В конечном счете меня достали из машины, усадили на переднее сиденье полицейского автомобиля и оставили наедине с запахом жевательной резинки и пропылесосенной обивки, и я пыталась привести в порядок перемешанные, сбивчивые мысли, проплывавшие у меня в голове. Где-то поблизости зашипела полицейская рация, и среди мешанины слов мне удалось разобрать, что произошло дорожно-транспортное происшествие со смертельным исходом. Смертельным исходом. Тогда мне и в голову не пришло, что я столкнулась с другой машиной, и мой разум в панике начал вспоминать, вместе с кем я могла ехать, кто мог погибнуть. Я перебрала всех своих знакомых. Каждого, кто был мне небезразличен. Когда вариантов больше не осталось, я наконец убедилась, что была в машине одна. Но если я ехала одна, а авария со смертельным исходом, то это означало – подумала я, – что жертвой была я. Мне казалось, я очень долго не отпускала эту мысль, хотя, вероятно, прошло всего несколько секунд, однако они были самыми пугающими, сюрреалистичными мгновениями моей жизни, когда я решила, что умерла. Что именно так ощущается смерть – тебе холодно, и ты одна в темноте прислушиваешься к незнакомым голосам в отдалении.
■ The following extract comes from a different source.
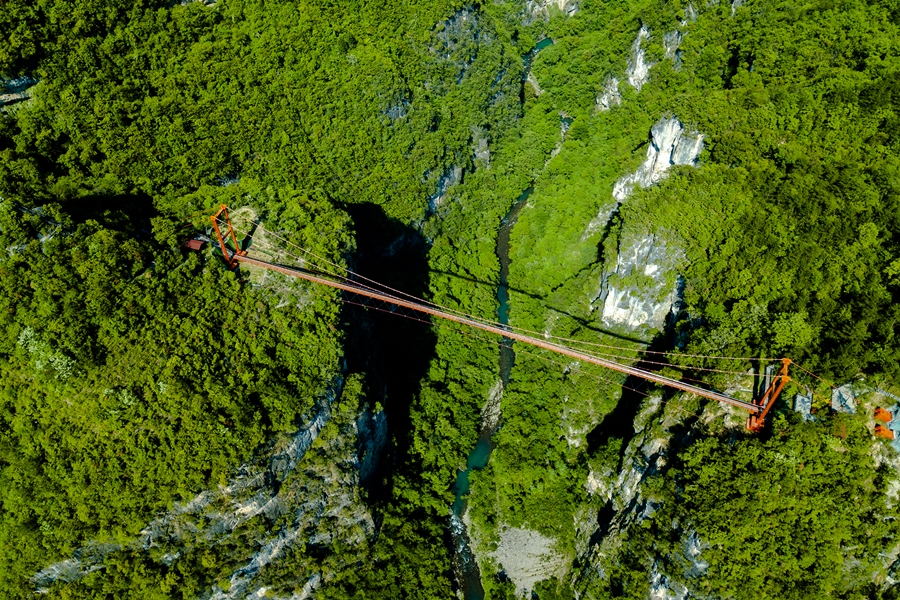 沿着景区核心步道徒步(全程约5公里,难度适中);挑战“华中第一野索桥”;乘坐景区观光车(全程约3公里)可随时下车拍照、游玩,兼具观光、徒步、探险等多种玩法,是茶旅途中的生态休憩地。

Лишь когда меня положили в машину скорой помощи и пристегнули в узком огороженном пространстве со всевозможными приборами, я приняла тот факт, что жива. Я все еще была здесь. Лишь гораздо позже я осознала, насколько все было неправдоподобным. Как и полицейский, фельдшер скорой помощи тоже на меня не смотрел. Он разглядывал свои ботинки. Он всматривался в крошечное окошко в задней части машины. Оно было из того странного матового стекла, которое обычно ставят в машинах скорой помощи, и я помню, как не понимала, зачем смотреть в такое окно, если из него толком ничего не видно. Я пыталась заговорить, однако не уверена, что слова вообще покидали мою голову. Мне не было больно, и я только и чувствовала, что вокруг моего рта мокро. Мне казалось, что у меня текло из носа, и я без конца пыталась вытереться тыльной стороной ладони.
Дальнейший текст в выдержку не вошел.